第八話 見習い神子

 あれから仙狐様に巫女服の着方を教えてもらい、無事に裸体状態から脱することが出来た。巫女服なんて着たことないから歩きにくかったりと不便さはあるが、まあこの辺りは慣れればなんとかなるだろう。


 そして、今は少し遅めのお昼ご飯を食べようとしている。


「わしが絶品料理を作っちょるぞ!」


 仙狐様はそう言って、自信満々になりながら家のダイニングで何かを作っていた。途中きつねうどんのような匂いが漂ってきた。だから僕は、きっときつねうどんを作っているんだなーと思った。


 そしてしばらくし、僕の前にある座敷机に仙狐様が大きめのお椀を置いた。その中に入っているものからは湯気が出ており、かなり熱い料理なのだとわかる。

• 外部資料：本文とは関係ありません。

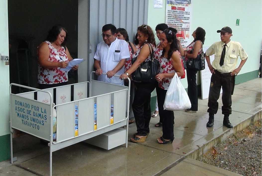 Las integrantes del comité de damas Manos Unidas, llegaron hasta el hospital de Contingencia de Tarapoto, con la finalidad de donar una cuna para el servicio de emergencia pedriática, en los próximos días harán lo mismo en los centros de Salud de la urbanización Nueve de Abril y del distrito de Morales.
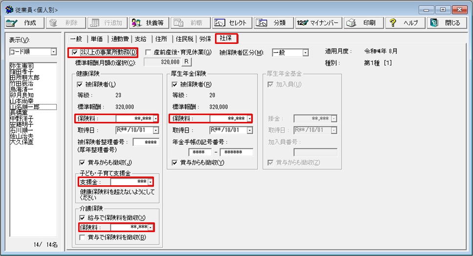※[従業員<個人別>]画面の[社保]タブにある[2以上の事業所勤務]にチェックが入っている従業員は表示されません。

 そのお椀の中には何があるのかと覗き込む。そして、そこに入っていたのは……、


「……あの、これは?」

「わし特製の油揚げ特盛うどんじゃ。うどんは市場で買ってきたものを使っておる。あ、それとも出汁だしの成分の方が気になっとるのか?」

「いや、えっと……そこじゃあないんです」

「うむ?」


 話を聞く限りではただのきつねうどんだ。しかし、実際に見てみると明らかにおかしい所がある。

 それはきつね──つまり油揚げの数だ。僕が知るきつねうどんに入る油揚げの枚数は少なくて半分、多くて二枚だ。しかしこの、仙狐様特性油揚げ特盛うどんに入っている油揚げの枚数ははっきり言って数え切れない。


 いやだって、油揚げが多すぎて下の麺とか出汁とかが全く見えない。油揚げ以外で伝わってくるのは出汁の熱さだけだ。

 狐は油揚げが好物だとよく聞くが、少なくとも、元人間の僕からしたらここまで好物だとは思わない。それに、実際の狐は特別油揚げが好物という訳でもない。


 では何んで仙狐様はここまで油揚げが好物なのか。それは恐らく、仙狐様が単に好きなだけだろう。とても単純な答えだ。


「ほれどうした。はよ食わんと下の麺が伸びるぞ?」

「目視できないですけどね」


 しかし、折角時間を消費してまで作ってくれたきつねうどんだ。食べなければ失礼極まりない。それに、僕自身もあの日の夜以降に何も食べていないのでかなりお腹減っている。

 一体、あの日から何日が経過しているんだろうか。昨日か、いやもしかしたら一昨日かそれ以上かもしれない。

 まあそんなことは後で考えるとして、早くこのきつねうどんを食べるとしよう。


 僕はうどんのお椀付近に置かれた箸を持ち、まずはこの大量の油揚げをどうにかしようと油揚げを一枚摘む。そして、口の中を火傷しないように息を吹きかけてからひとかじりする。


「…………!?」


 その瞬間、口の中に食べたことのない程の美味しさが広がった。


 僕には好物と言える程の料理はない。だがそれでも、美味しいものは少なからず食べているつもりだった。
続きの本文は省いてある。